Dive Brief:
- Takeda's board of directors laid out a three-pronged performance plan for CEO Christophe Weber and senior executives to meet, as the pharma seeks to integrate Shire into its operations following last year's acquisition.
- Beyond revenue, profit and cash flow targets, performance benchmarks include initiation of pivotal trials and integration costs to justify the $62 billion takeover of Shire.
- Announcement of the performance plan follows reports that Takeda employees in Korea objected to higher compensation received by former Shire employees.
Dive Insight:
Big pharma executives often cite integration costs and hassles as one reason to not acquire other big companies. Takeda's $62 billion takeout of Shire, completed in January, was viewed skeptically by some shareholders for that reason, and the public announcement of executive performance plans may help assuage some of those doubts.
Executive and employee bonus plans are common in biopharma, but the Takeda board's public disclosure of the bonus plan is unusual.
The Shire acquisition is addressed in two ways: Beating integration cost targets and generating enough cash to pay down debt.
A special integration plan will reward employees for beating overall operating costs, integration costs and debt-to-earnings ratio targets between 2019 and 2021. As long as operating and integration costs stay below 105% of target, executives will be eligible for a bonus.
A long-term incentive plan includes a bonus for hitting free cash flow benchmarks to enable debt retirement.
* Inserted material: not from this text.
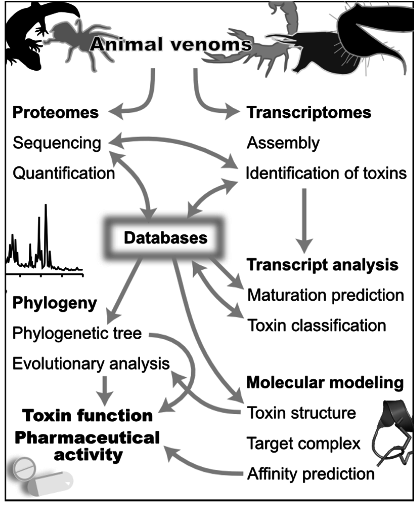 Computational approaches in venomics. The different themes in this figure are discussed in the text. Generalist and specialized databases are a central source of information for both the discovery (top) and analysis (bottom) of venoms. Venomics computational tools combine data from proteomics and transcriptomics to discover the set of toxins in a venom gland. These tools use predictions of mature toxins from transcriptomes to support peptide sequencing, and sequencing by mass spectrometry uses transcript sequences as a database to rapidly identify peptides and their post-translational modifications. Bioinformatics tools use the standardized classification stored in databases to analyze transcripts, and phylogenetic analyses can be used to analyze toxin evolutionary relationships. Databases in turn record the newly identified toxin peptide and transcript sequences. These sequence data can be also used to refine toxin classification, for example when a new phylogenetic group of toxins is identified. The molecular target of toxins can be suggested by a phylogeny and an evolutionary analysis complemented by the prediction of toxin 3D structures. Molecular modeling of target/toxin complexes can be used to analyze in great depth structure-activity relationships of toxins. Finally, the affinity of these complexes can be predicted from the molecular models.

At least 90% of that target must be met before bonuses will be paid.
Takeda borrowed about $30 billion, or about one and a half times its annual revenue, to finance the Shire deal.
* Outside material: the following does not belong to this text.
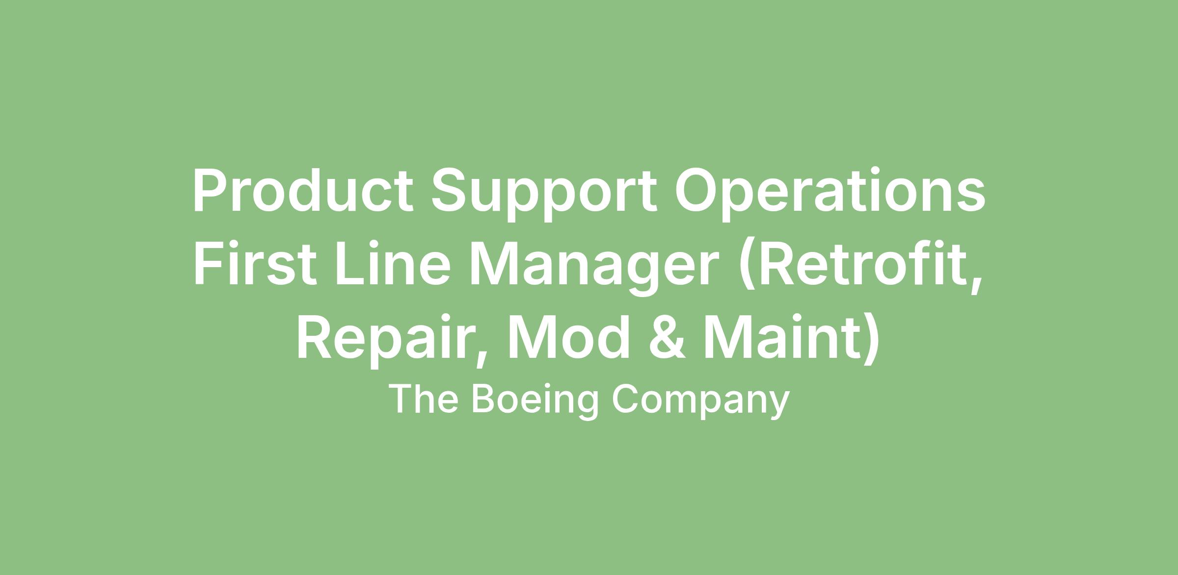 The Boeing CompanyBoeing Global Services (BDS) Operations team is seeking a First-Line Product Support Operations Manager to join the team in Victorville, CA.

Broadly, if corporate revenue falls below 97% of target and operating profit and earnings per share fall below 95% of target in the current fiscal year, which ends in March 2020, Weber and his executive team will not be eligible for bonuses based on those metrics.
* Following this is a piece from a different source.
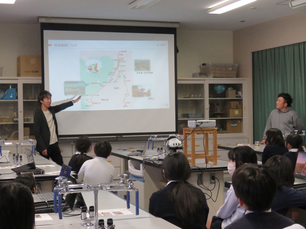 前半は南海電気鉄道株式会社より、地震発生時の鉄道システムの動作や社員の防災訓練、駅に備蓄されている非常食の状況など、鉄道会社が行う防災の取り組みについて説明がありました。児童は、災害時に駅員の指示に従う大切さについて理解を深めていました。

The board also put in place a long-term incentive plan to "focus participants on sustained performance during and after the integration of Shire." In addition to free cash flow generation, the bonus plan will pay out if at least 96% of three-year accumulated revenue targets and 93% of operating profit goals are achieved.
The long-term incentive plan includes a pivotal trial initiation target that Takeda did not reveal because of competitive concerns.
This part of the plan can be increased or reduced based on Takeda's stock performance relative to a basket of 16 big pharma companies.
A Takeda spokesperson did not respond to an email seeking comment.